*INFORMATION PROVIDED:*
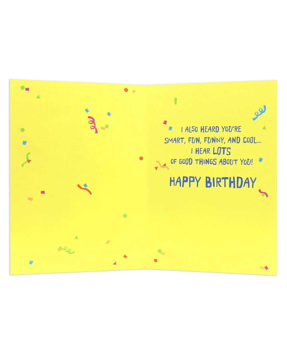 • Inside message reads: 'I also heard you're smart, fun, funny and cool… I hear lots of good things about you! Happy Birthday'
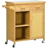 HOMCOM Küchenwagen mit Schublade, Schrank, offenem Ebenen, Servierwagen, Aufbewahrungswagen mit Handtuchhalter, Glastischplatte, Bambus, Natur, 84 x 36 x 85 cm
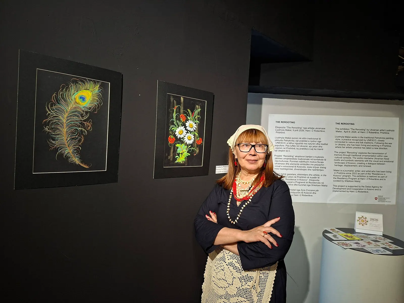 E njohur për praktikën e saj në stilin tradicional të pikturës Petrykivka një trashëgimi vizuale e mbrojtur nga UNESCO dhe e lidhur ngushtë me natyrën dhe folklorin Makey e rimendon këtë gjuhë ornamentale në një kontekst të ri jetësor. Pas shpërthimit të luftës në Ukrainë, ajo jeton dhe vepron në Prishtinë, ku arti i saj ka marrë një drejtim të ri, më të brishtë dhe njëkohësisht më të fortë. Projekti “Rerooting” shndërrohet kështu në një akt poetik të mbjelljes së kujtesës në tokë të huaj, një përpjekje për të lidhur fragmente të identitetit të shpërndarë përmes ornamentikës tradicionale. Motivet florale ukrainase ndërthuren me një ndjeshmëri të re vizuale, duke u takuar me peizazhin emocional të Kosovës si dy toka që flasin me njëra-tjetrën përmes heshtjes, ngjyrës dhe plagës së përbashkët të historisë.
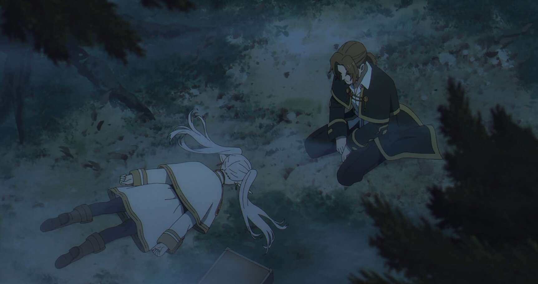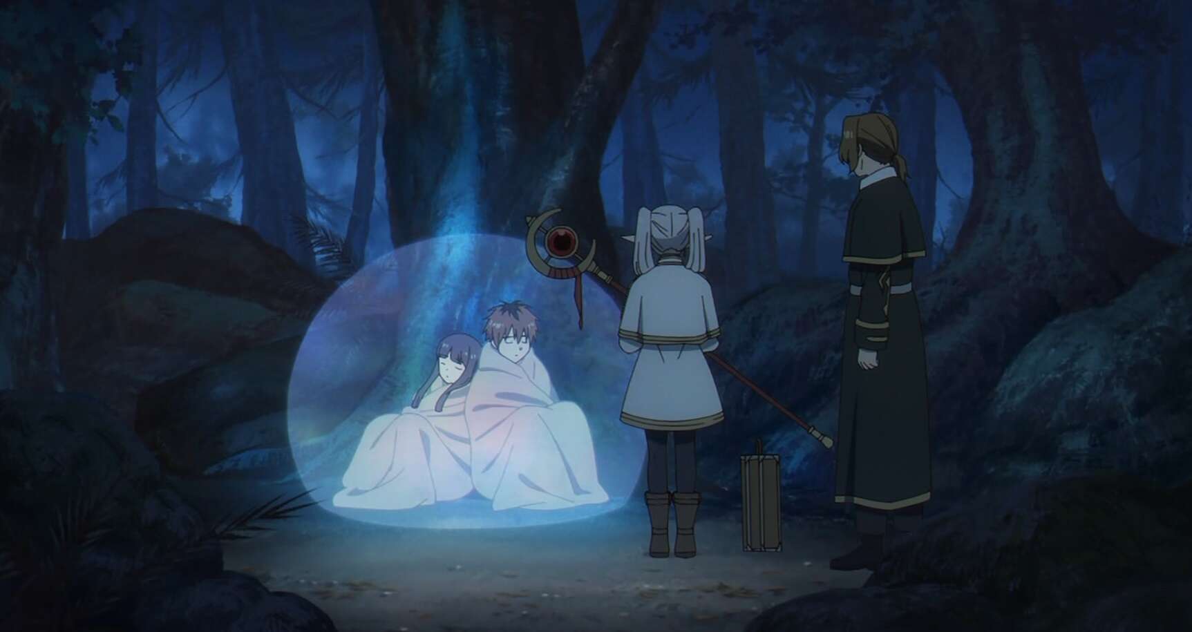 ザインだけは女神の加護と呼ばれる生まれながらの資質があり、呪いには耐性がありますが、他の者には呪いの耐性がなく、さっそくシュタルクが呪いに掛かって眠ってしまいます。眠っているシュタルクを運びながら魔物の場所を目指しますが、途中でフェルンも呪いに掛かって眠ってしまいます。結界を張ってその中に二人を置いていき、フリーレンとザインは二人だけで魔物を目指します。

*WHAT TO WORK ON:* Word for word, reproduce the material above and omit each image.

*ANSWER BOX:*
 • Inside message reads: 'I also heard you're smart, fun, funny and cool… I hear lots of good things about you! Happy Birthday'
 HOMCOM Küchenwagen mit Schublade, Schrank, offenem Ebenen, Servierwagen, Aufbewahrungswagen mit Handtuchhalter, Glastischplatte, Bambus, Natur, 84 x 36 x 85 cm
 E njohur për praktikën e saj në stilin tradicional të pikturës Petrykivka një trashëgimi vizuale e mbrojtur nga UNESCO dhe e lidhur ngushtë me natyrën dhe folklorin Makey e rimendon këtë gjuhë ornamentale në një kontekst të ri jetësor. Pas shpërthimit të luftës në Ukrainë, ajo jeton dhe vepron në Prishtinë, ku arti i saj ka marrë një drejtim të ri, më të brishtë dhe njëkohësisht më të fortë. Projekti “Rerooting” shndërrohet kështu në një akt poetik të mbjelljes së kujtesës në tokë të huaj, një përpjekje për të lidhur fragmente të identitetit të shpërndarë përmes ornamentikës tradicionale. Motivet florale ukrainase ndërthuren me një ndjeshmëri të re vizuale, duke u takuar me peizazhin emocional të Kosovës si dy toka që flasin me njëra-tjetrën përmes heshtjes, ngjyrës dhe plagës së përbashkët të historisë.
 ザインだけは女神の加護と呼ばれる生まれながらの資質があり、呪いには耐性がありますが、他の者には呪いの耐性がなく、さっそくシュタルクが呪いに掛かって眠ってしまいます。眠っているシュタルクを運びながら魔物の場所を目指しますが、途中でフェルンも呪いに掛かって眠ってしまいます。結界を張ってその中に二人を置いていき、フリーレンとザインは二人だけで魔物を目指します。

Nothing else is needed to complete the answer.